━━ Dataset records

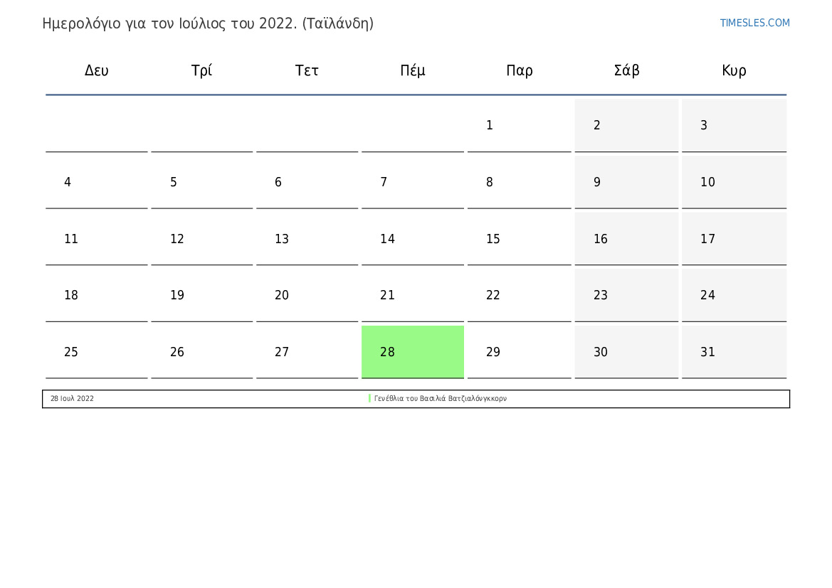 Ημερολόγιο Ιούλιος 2022 για την Ταϊλάνδη
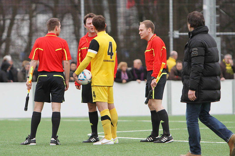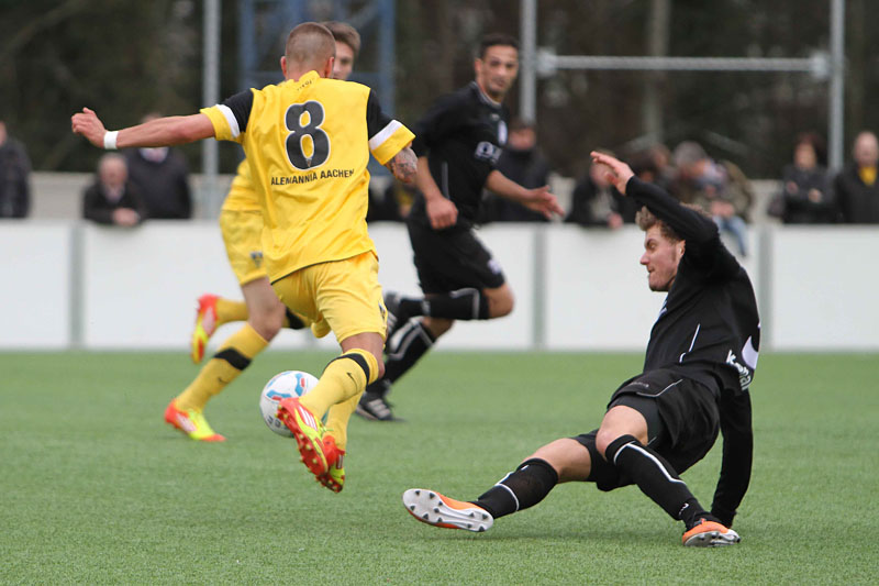 Der Sonntagnachmittag hätte bei frühlingshaften Temperaturen um einiges entspannter verlaufen können, wenn Marquet nach dem Seitenwechsel das dritte Tor erzielt hätte. Der Ex-Leverkusener, der in der Vorwoche noch dreimal erfolgreich war, scheiterte jedoch freistehend an Carpentier (54.). Und so stemmten die Gäste aus dem Duisburger Stadtteil sich nochmal energisch gegen die Niederlage. Der eingewechselte Bougjdi tauchte frei vor Krumpen auf, doch der Aachener Schlussmann reagierte stark (66.). Drei Minuten später fand auch Sogolj mit einem wuchtigen Kopfball in Krumpen seinen Meister (69.). „Wenn wir in dieser Phase ein Gegentor kassiert hätten, wäre es nochmal richtig eng geworden“, ärgerte sich Ralf Aussem später über die kurzzeitigen Nachlässigkeiten seiner Truppe. Als Hadouir dreizehn Minuten vor dem Ende eine Ecke auf den Kopf von Frau zirkelte, war die Partie entschieden. Zwar scheiterte der Innenverteidiger zunächst noch an Carpentier, im Nachsetzen jedoch sicherte er seinen ersten „Doppelpack“ im Alemannia-Dress zum 3:0 (77.). In der Nachspielzeit legte Lekesiz gegen die resignierenden Gäste sogar noch das 4:0 nach (90. +3.).
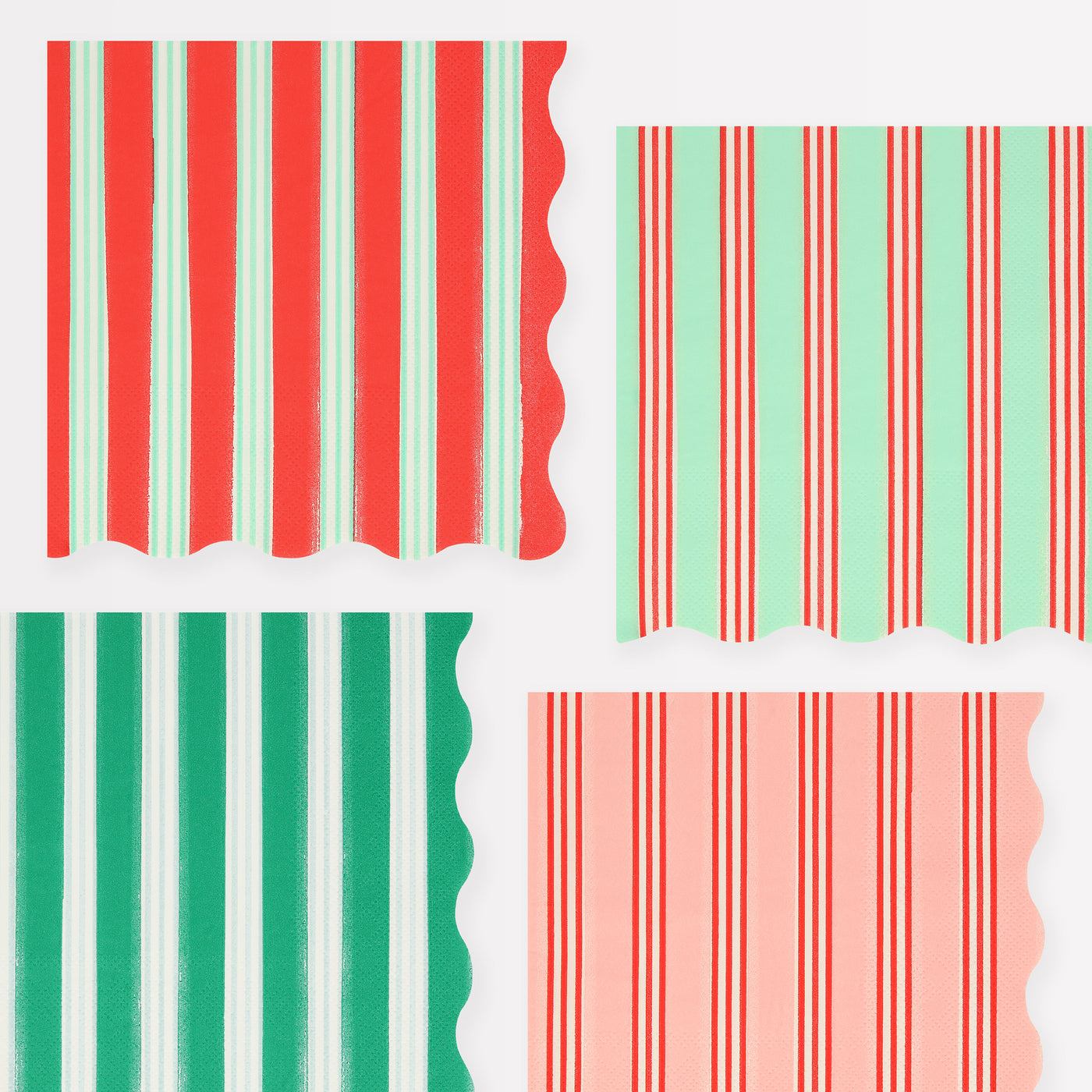 Bold stripes make a statement. Especially with our mix of traditional festive colors of red and green, with a modern pop of pink and blue, to keep things merry and bright. These fabulous large napkins, with stylish border details, are ideal to mix and match with all your Christmas tableware.
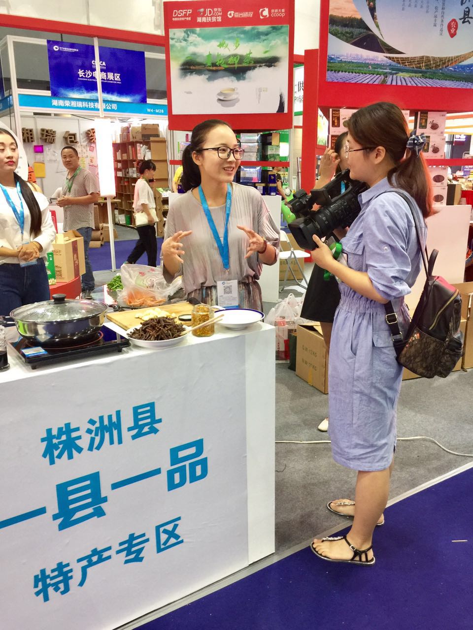 株洲县商粮局组织湘春、银丹、辣椒妹等农业品牌进驻2017中国食品餐饮博览会电商扶贫特别展区,开展美丽渌湘,“蕨”代双“椒”专场活动。株洲县一县一品专区获黄芳副市长高度评价,参展企业也各显特色,吸引了来自全国各地的采购商前来洽谈,受到各地参观观众的一致好评。
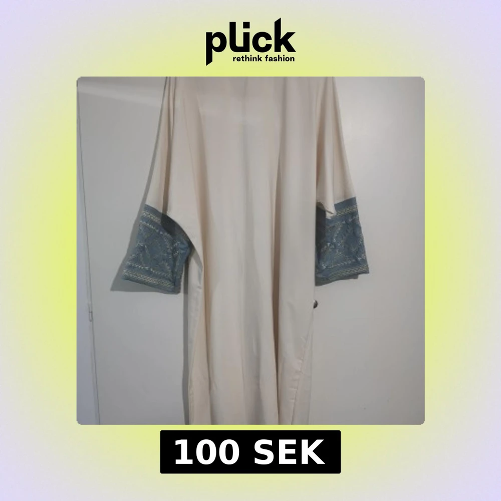 Långklänning i ljus beige med vida ärmar som har blå tygdetaljer och broderade mönster i gult. Klänningen har en rak och lös passform, perfekt för dig som gillar unika detaljer och bohemisk stil.
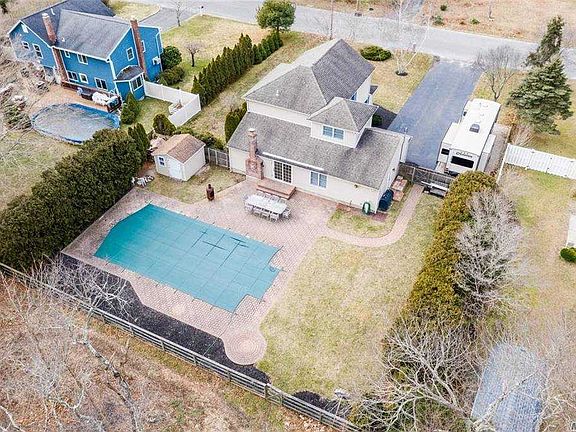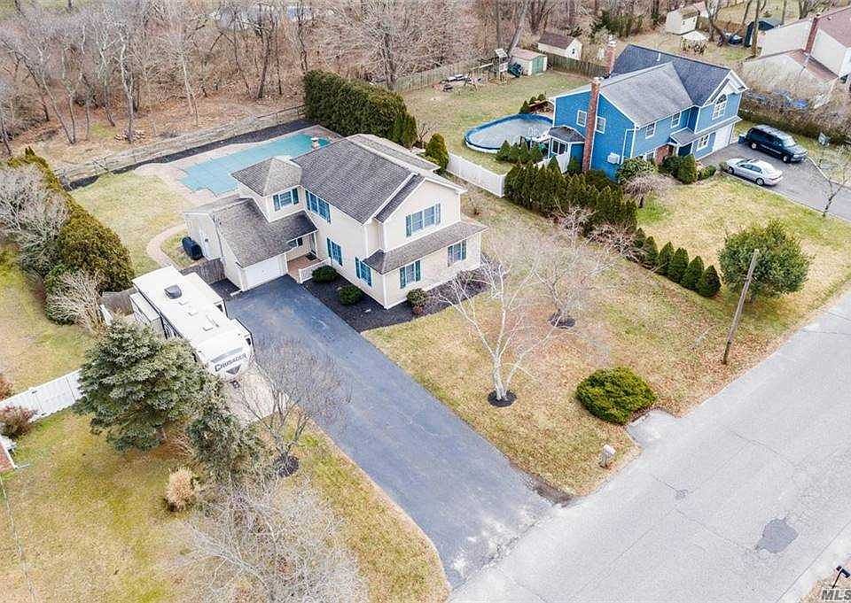 Beautiful home (rebuilt In 2005) with gorgeous backyard in-ground 20x40 pool. New carpet, hardwood/tile flooring, living room with fireplace, eat-in kitchen with professional Viking range (propane) & Kitchenaid stainless steel appliances, 200-amp electrical service, central air, raised panel doors, custom trim, fenced yard with pool and paving stone patio, 1 car garage, and tons parking! Backyard abuts to Town-owned property. Longwood Schools: Ridge ES.
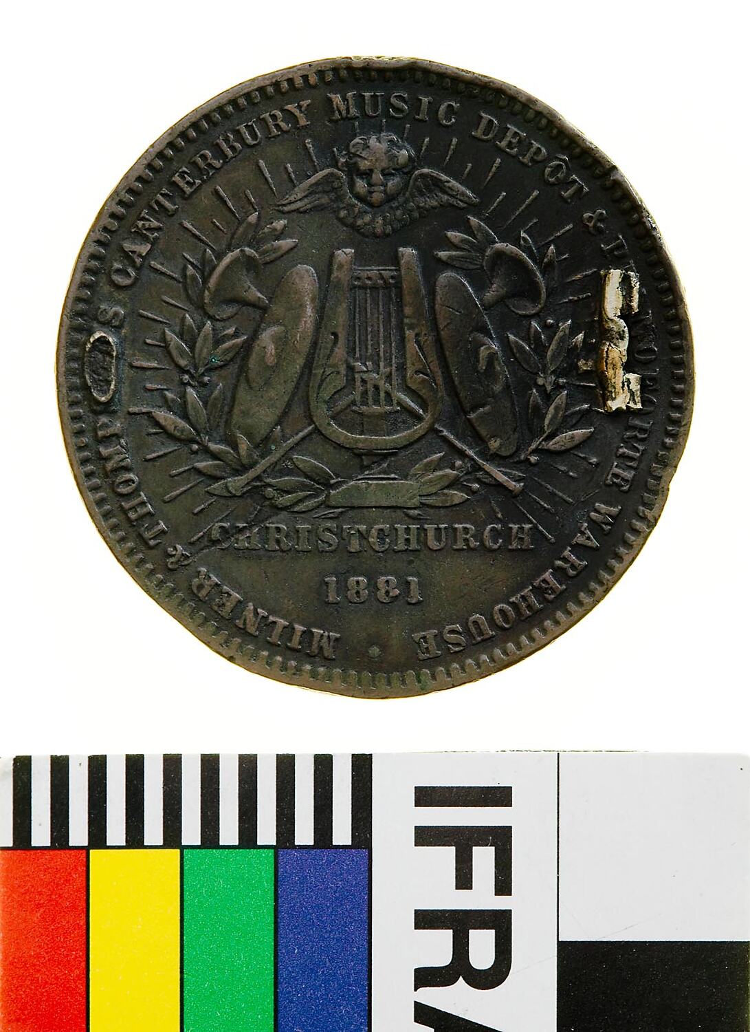 Obverse: MILNER & THOMPSON CANTERBURY MUSIC DEPOT & PIANOFORTE WAREHOUSE CHRISTCHURCH 1881 Reverse: ADVANCE NEW ZEALAND
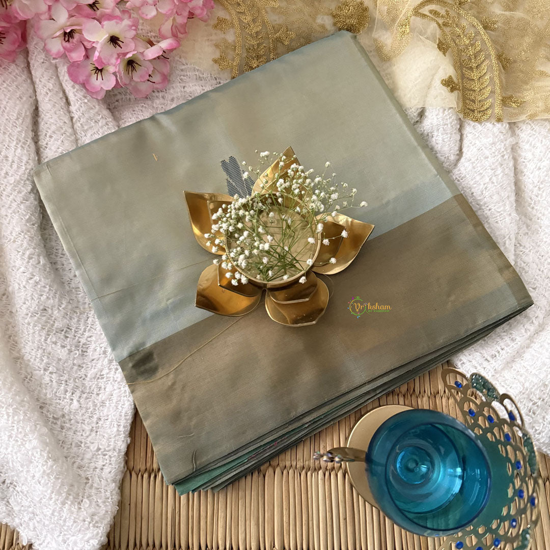 Vriksham Sage Green & Gold Chinnalampattu Saree Subtle Zari Accents Border-The Vriksham Sage Green & Gold Chinnalampattu Saree features a serene sage green base beautifully enhanced with subtle gold zari accents on the border. This exquisite combination offers understated elegance and timeless appeal, perfect for those who appreciate refined tradition with a soft, sophisticated touch. Its delicate shimmer and graceful drape make it ideal for special occasions demanding subtle luxury.Doesn't come with blouse -Saree only.

━━━━

- Work request
Pictures excluded, repeat the material above from its first line through the line containing "Långklänning i ljus", both included.

- Answer space
 Ημερολόγιο Ιούλιος 2022 για την Ταϊλάνδη
 Der Sonntagnachmittag hätte bei frühlingshaften Temperaturen um einiges entspannter verlaufen können, wenn Marquet nach dem Seitenwechsel das dritte Tor erzielt hätte. Der Ex-Leverkusener, der in der Vorwoche noch dreimal erfolgreich war, scheiterte jedoch freistehend an Carpentier (54.). Und so stemmten die Gäste aus dem Duisburger Stadtteil sich nochmal energisch gegen die Niederlage. Der eingewechselte Bougjdi tauchte frei vor Krumpen auf, doch der Aachener Schlussmann reagierte stark (66.). Drei Minuten später fand auch Sogolj mit einem wuchtigen Kopfball in Krumpen seinen Meister (69.). „Wenn wir in dieser Phase ein Gegentor kassiert hätten, wäre es nochmal richtig eng geworden“, ärgerte sich Ralf Aussem später über die kurzzeitigen Nachlässigkeiten seiner Truppe. Als Hadouir dreizehn Minuten vor dem Ende eine Ecke auf den Kopf von Frau zirkelte, war die Partie entschieden. Zwar scheiterte der Innenverteidiger zunächst noch an Carpentier, im Nachsetzen jedoch sicherte er seinen ersten „Doppelpack“ im Alemannia-Dress zum 3:0 (77.). In der Nachspielzeit legte Lekesiz gegen die resignierenden Gäste sogar noch das 4:0 nach (90. +3.).
 Bold stripes make a statement. Especially with our mix of traditional festive colors of red and green, with a modern pop of pink and blue, to keep things merry and bright. These fabulous large napkins, with stylish border details, are ideal to mix and match with all your Christmas tableware.
 株洲县商粮局组织湘春、银丹、辣椒妹等农业品牌进驻2017中国食品餐饮博览会电商扶贫特别展区,开展美丽渌湘,“蕨”代双“椒”专场活动。株洲县一县一品专区获黄芳副市长高度评价,参展企业也各显特色,吸引了来自全国各地的采购商前来洽谈,受到各地参观观众的一致好评。
 Långklänning i ljus beige med vida ärmar som har blå tygdetaljer och broderade mönster i gult. Klänningen har en rak och lös passform, perfekt för dig som gillar unika detaljer och bohemisk stil.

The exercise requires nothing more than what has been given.